* THE TASK *
Give the entries again exactly as they appear, but without the images.

* DATASET ENTRIES *

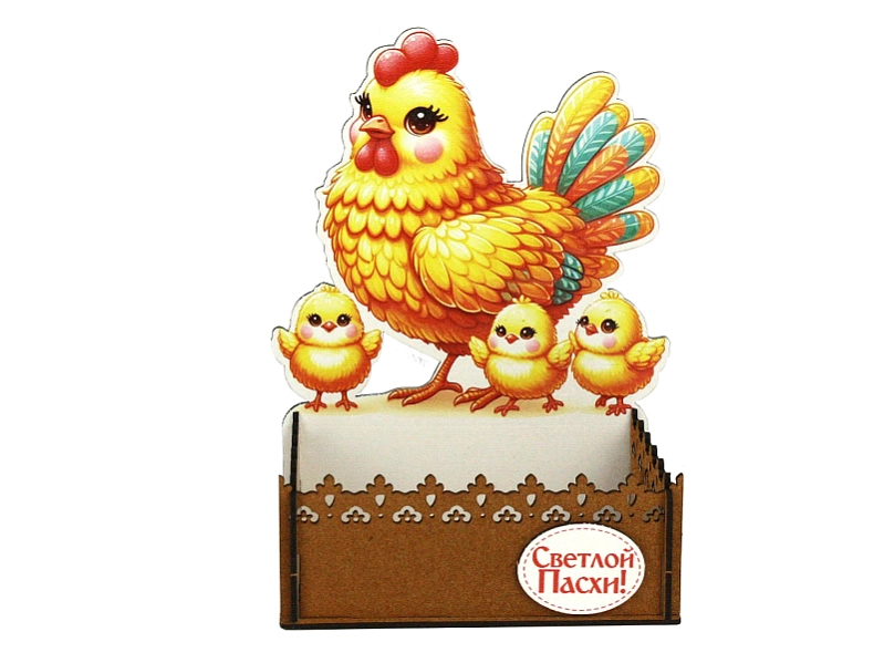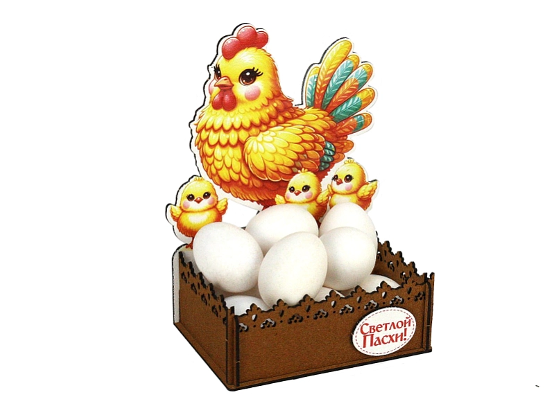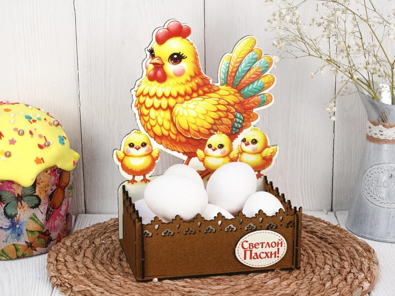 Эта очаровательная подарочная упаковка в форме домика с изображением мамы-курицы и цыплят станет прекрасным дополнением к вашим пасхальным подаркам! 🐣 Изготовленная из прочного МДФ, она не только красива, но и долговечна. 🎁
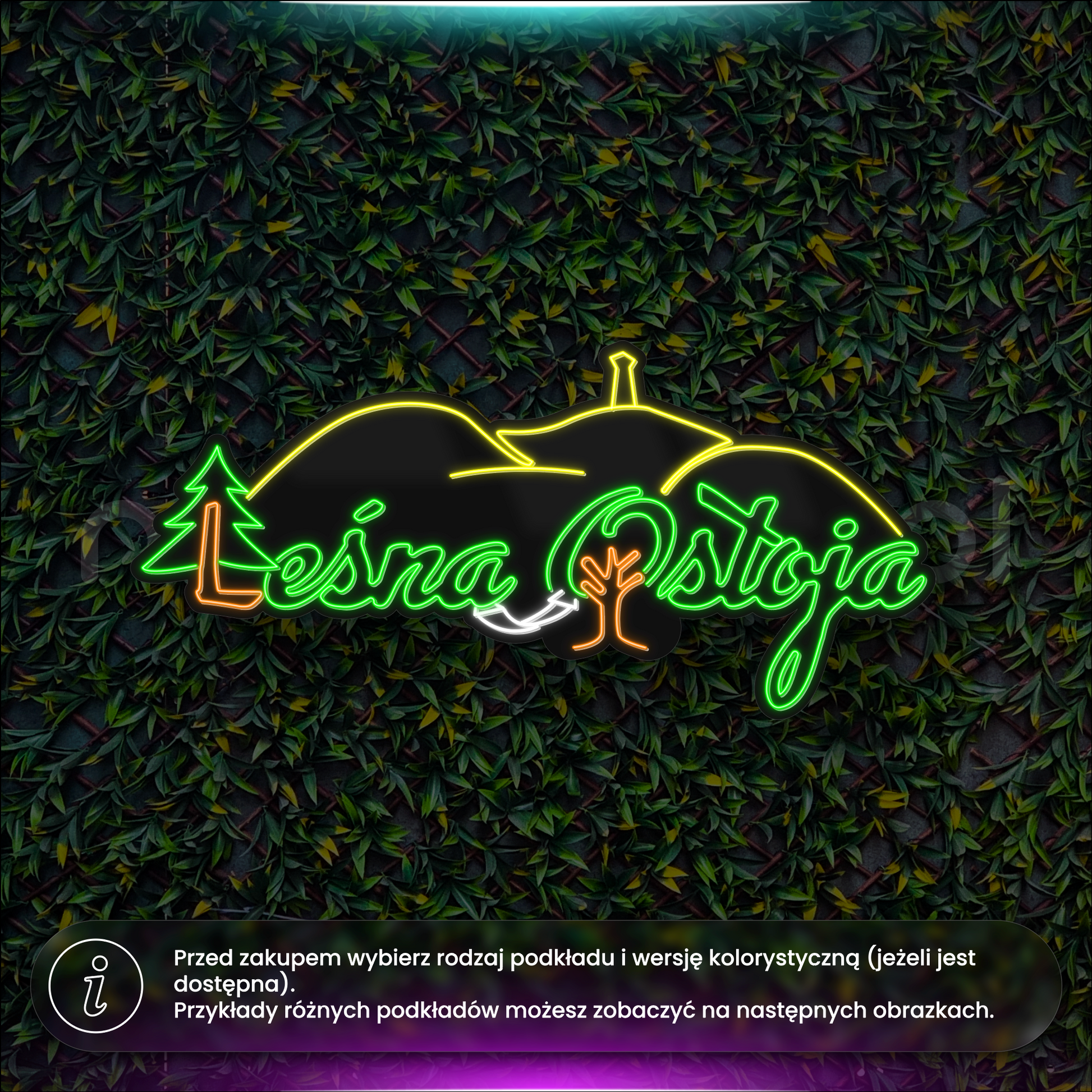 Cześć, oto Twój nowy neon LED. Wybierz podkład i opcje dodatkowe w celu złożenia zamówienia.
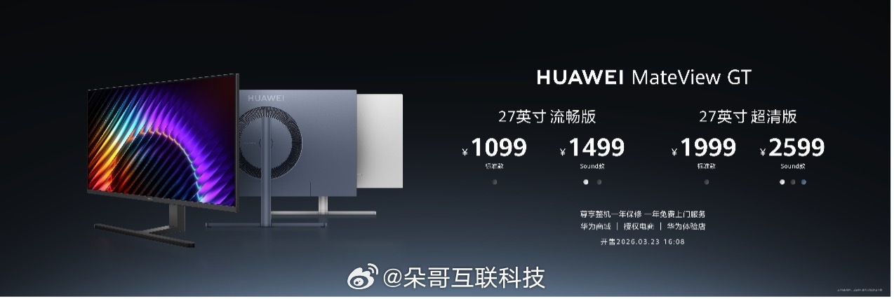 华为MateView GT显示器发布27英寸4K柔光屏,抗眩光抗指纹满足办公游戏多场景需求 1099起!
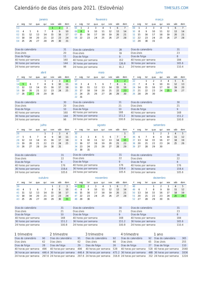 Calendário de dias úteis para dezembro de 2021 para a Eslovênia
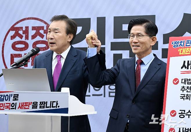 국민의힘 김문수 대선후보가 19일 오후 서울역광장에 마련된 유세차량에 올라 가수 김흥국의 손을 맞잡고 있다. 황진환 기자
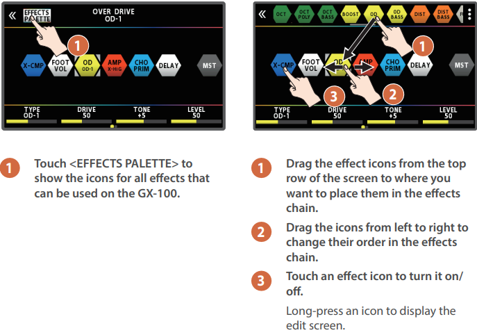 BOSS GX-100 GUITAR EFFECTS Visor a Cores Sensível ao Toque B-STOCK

* ANSWER TO THIS PROBLEM *
 Эта очаровательная подарочная упаковка в форме домика с изображением мамы-курицы и цыплят станет прекрасным дополнением к вашим пасхальным подаркам! 🐣 Изготовленная из прочного МДФ, она не только красива, но и долговечна. 🎁
 Cześć, oto Twój nowy neon LED. Wybierz podkład i opcje dodatkowe w celu złożenia zamówienia.
 华为MateView GT显示器发布27英寸4K柔光屏,抗眩光抗指纹满足办公游戏多场景需求 1099起!
 Calendário de dias úteis para dezembro de 2021 para a Eslovênia
 국민의힘 김문수 대선후보가 19일 오후 서울역광장에 마련된 유세차량에 올라 가수 김흥국의 손을 맞잡고 있다. 황진환 기자
 BOSS GX-100 GUITAR EFFECTS Visor a Cores Sensível ao Toque B-STOCK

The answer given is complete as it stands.